Disadvantage: ETL is more complex than the comparison, the design is more complex, the speed is slow. Unlike the active notification in the trigger and timestamp mode, the full table alignment method is passive for full table data comparison and performance is poor. When there is no primary key or unique column in the table and there are duplicate records, the accuracy of the full table alignment is poor.

(e) Log table mode

Add the System Log table to the business system and, when the business data changes, update the maintenance log table content, as the ETL loads, by reading the log table data to determine how to load the data and how to load it. Advantages: No need to modify the business system table structure, the source data extraction is clear, faster. Can achieve the data of the recursive increase load. Disadvantage: Log table maintenance needs to be completed by the business system, the business system business operation procedures need to be modified to log information. Log table maintenance is more troublesome, the original system has a greater impact. Heavy workload, large changes, there is a certain risk.

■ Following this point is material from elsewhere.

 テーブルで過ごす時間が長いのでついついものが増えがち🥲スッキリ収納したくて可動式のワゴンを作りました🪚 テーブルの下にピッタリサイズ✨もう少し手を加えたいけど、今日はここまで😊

(f) Oracle change data Capture (CDC mode)

The data is judged by analyzing the log of the database itself. Oracle's change data Capture (cdc,changed) technology is representative of this. The CDC feature was introduced in the Oracle9i database. CDC can help you identify data that has changed since the last extraction. With CDC, data can be extracted at the same time as an INSERT, update, or delete operation on the source table, and the changed data is stored in the database's change table. This allows you to capture the changed data and then make it available to the target system in a controlled manner using the database view. The CDC architecture is based on the publish/subscribe model. The publisher captures the change data and provides it to subscribers. Subscribers use the change data obtained from the publisher. Typically, the CDC system has one publisher and multiple subscribers. The publisher first needs to identify the source tables that are required to capture the change data. It then captures the changed data and saves it in a specially created change table. It also enables subscribers to control access to changing data. Subscribers need to be aware of what change data they are interested in. A subscriber may not be interested in all the data published by the publisher. Subscribers need to create a subscriber view to access change data that is authorized by the Publisher. CDC is divided into synchronous mode and asynchronous mode, the synchronous mode captures the change data in real time and stores it in the change table, both the Publisher and the subscription are in the same database; the asynchronous Pattern is Oracle-based streaming replication technology.

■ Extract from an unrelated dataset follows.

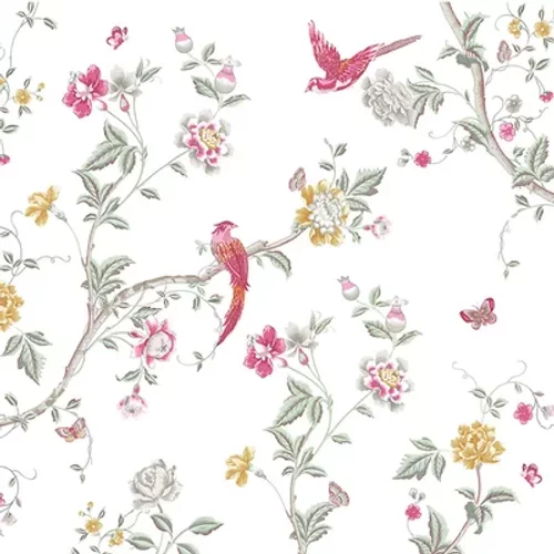 Inspired by a classic chinoiserie print from the Laura Ashley archive. Tree branches are decorated with bright pink birds and ochre flowers, giving this much loved pattern a contemporary look. This mural measures 3 metres in width x 2.8 metres in height. It is supplied as 6 referenced panels on one roll. Samples unavailable.

Pros: Provides an easy-to-use API to set up the CDC environment and Shorten ETL time. There is no need to modify the business system table structure, can realize the data of the recursive increase load.

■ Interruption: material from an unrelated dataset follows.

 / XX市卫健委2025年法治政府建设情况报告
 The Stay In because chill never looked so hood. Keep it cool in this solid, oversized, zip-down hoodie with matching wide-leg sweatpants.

Disadvantage: The Business System database version and product is not unified, it is difficult to achieve a unified implementation, the implementation process is relatively complex, and needs in-depth research to achieve. or through third-party tools, expensive.

What is Data extraction

Contact Us

The content source of this page is from Internet, which doesn't represent Alibaba Cloud's opinion; products and services mentioned on that page don't have any relationship with Alibaba Cloud. If the content of the page makes you feel confusing, please write us an email, we will handle the problem within 5 days after receiving your email.

If you find any instances of plagiarism from the community, please send an email to: info-contact@alibabacloud.com and provide relevant evidence. A staff member will contact you within 5 working days.

A Free Trial That Lets You Build Big!

Start building with 50+ products and up to 12 months usage for Elastic Compute Service

  • Sales Support

    1 on 1 presale consultation

  • After-Sales Support

    24/7 Technical Support 6 Free Tickets per Quarter Faster Response

  • Alibaba Cloud offers highly flexible support services tailored to meet your exact needs.